Orlando Bailey showed his potential with a brace as England got off to winning start against Wales at Hartpury College, before a Jude Williams double delivered a 24-17 win over Ireland.
But while France ultimately proved too strong in their final game, England improved drastically on their performance a year earlier when they were winless in their three games.
“Hopefully the players would have learned a lot from the three Test matches and what it takes to play international rugby against these top teams,” said Mallinder.
“When you are not quite on it, like we were [against France], with our set piece and defence not good enough then you get punished. We need to learn the lessons from this performance.”
RESILIENCE FROM THE AZZURRINI
Having impressed with a victory against England last year, Italy’s U18s stepped up another gear in this year’s Festival as they finished with two wins from three.

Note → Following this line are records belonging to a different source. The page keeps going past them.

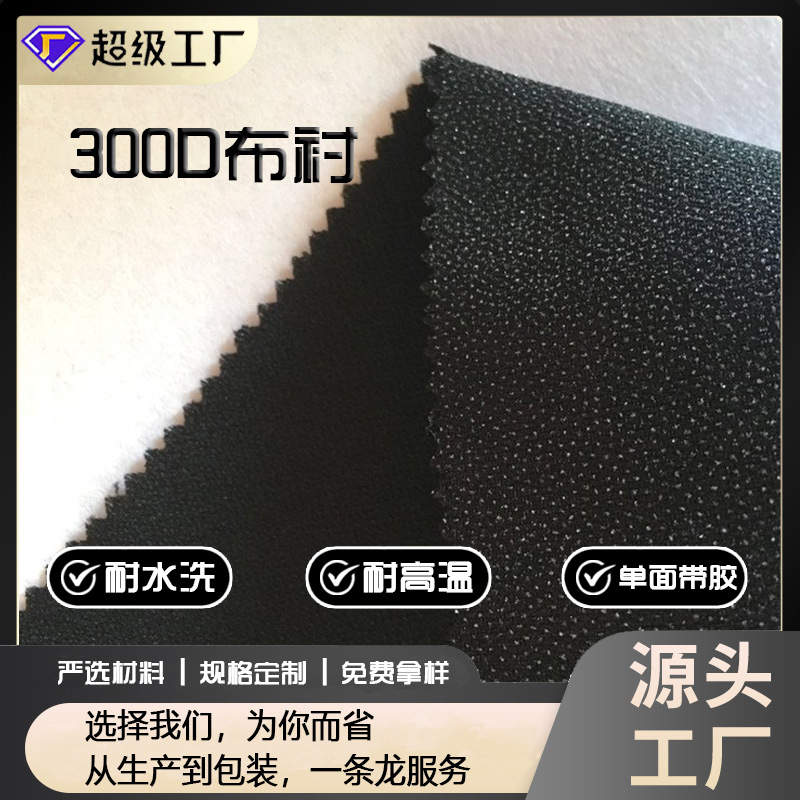 メーカー直販厚手布ライニング300d黒色有紡布ライニング服装粘着ライニング布1.5メートル幅ホットライニング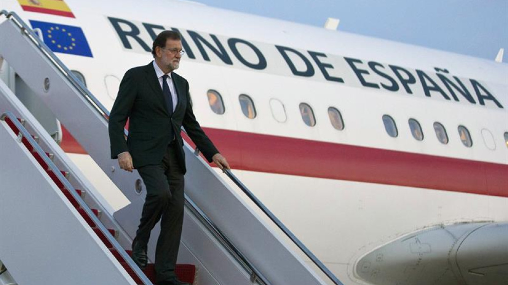 El avión de la Fuerza Aérea Española en el que Rajoy viajó a la capital estadounidense junto al resto de su delegación aterrizó en la base de Andrews pasadas las 19:15 horas (23:15 horas GMT).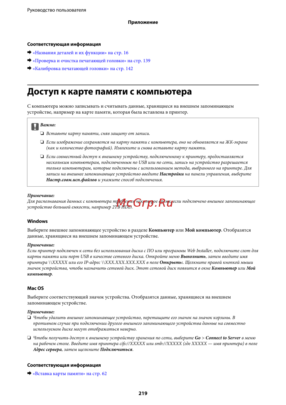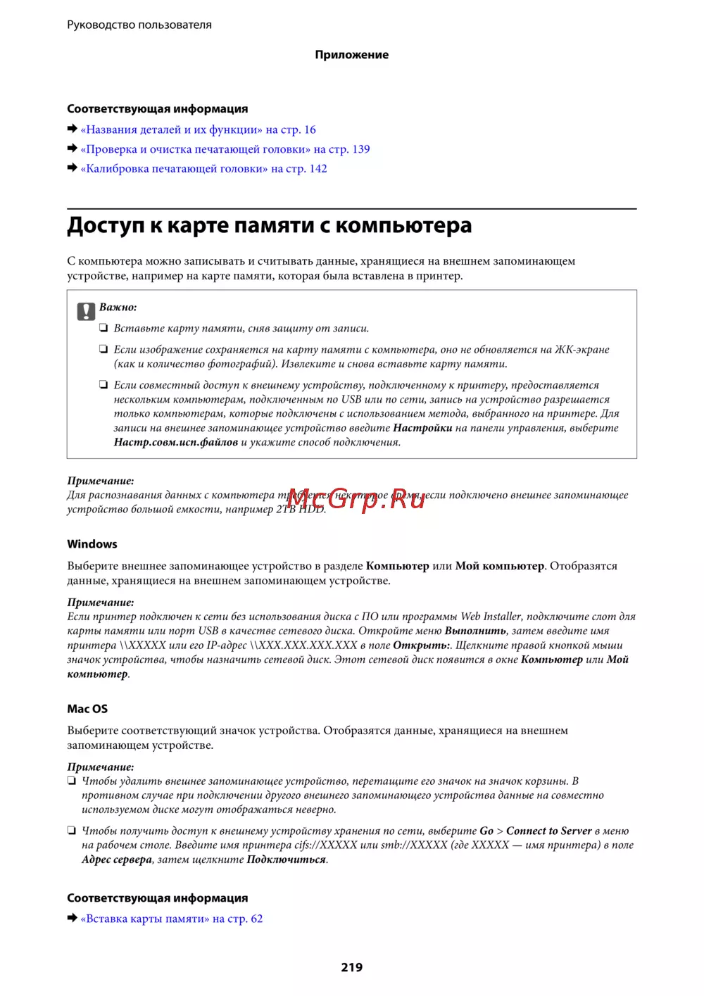 - С компьютера можно записывать и считывать данные хранящиеся на внешнем запоминающем устройстве например на карте памяти которая была вставлена в принтер p.219
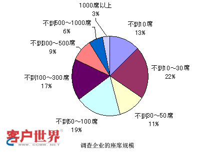 那么和剛才雜志社調(diào)查的結(jié)果是一樣的。這個(gè)數(shù)字又是政府方面調(diào)查的結(jié)果,他們調(diào)查的很細(xì),對(duì)很小規(guī)模的,比如說(shuō)1-4人的呼叫中心都進(jìn)行了調(diào)查,并且看到這種小規(guī)模的呼叫中心還占有很大的比例。可以看到,10人以下的呼叫中心可能在這個(gè)結(jié)果里面占了基本上高于50%,所以可能得到一個(gè)結(jié)論,就是在日本小型的呼叫中心非常多。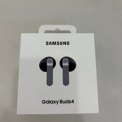 Pakken inneholder Galaxy Buds4-ørepropper og tilhørende ladeetui, slik det vises på bildene.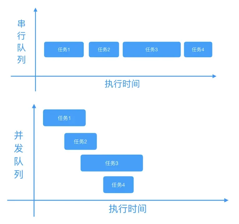 Dispatch Queue是用来执行任务的队列,是GCD中最基本的元素之一。图示:
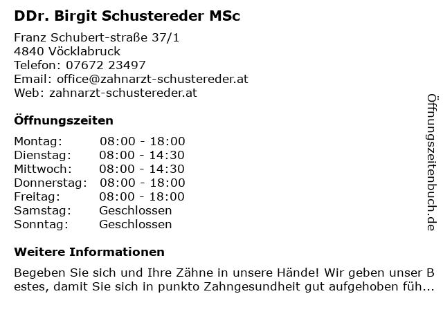 Branchen & Suchbegriffe zu DDr. Birgit Schustereder MSc:birgit, ddr., msc, schustereder |

The Azzurrini began their campaign with a stunning victory against Scotland after Fabio Schiabel went over the whitewash in the final play of the game to snatch a famous 19-18 win.
It was then the turn of France to face Italy’s wrath and while Les Bleuets came away from Sixways with the win, they were pushed all the way by their dogged opponents.
France came out of the blocks firing to establish a 28-8 lead at the break, but the Azzurrini showed their character to stage a second-half fightback thanks to a Dorin Tica double.
And they took that momentum into their encounter with Wales, with scrum-half Stephen Varney scoring twice to ensure Italy finished this year’s Festival on a high with a 34-14 win.
FINAL FLOURISH FOR SCOTLAND
While Scotland were unable to live up to their billing as last year’s champions, they demonstrated their never-say-die attitude after prevailing against Ireland in their final game.
There will still be frustration about the way they conceded a 18-7 lead against Italy in their opening game and the defeat to Wales, but the 42-40 triumph over Ireland was a fabulous finale.
Scotland U18 head coach Ross Miller said: “The players’ work rate in the heat [against Ireland] was phenomenal. The group has come together well over the past few months.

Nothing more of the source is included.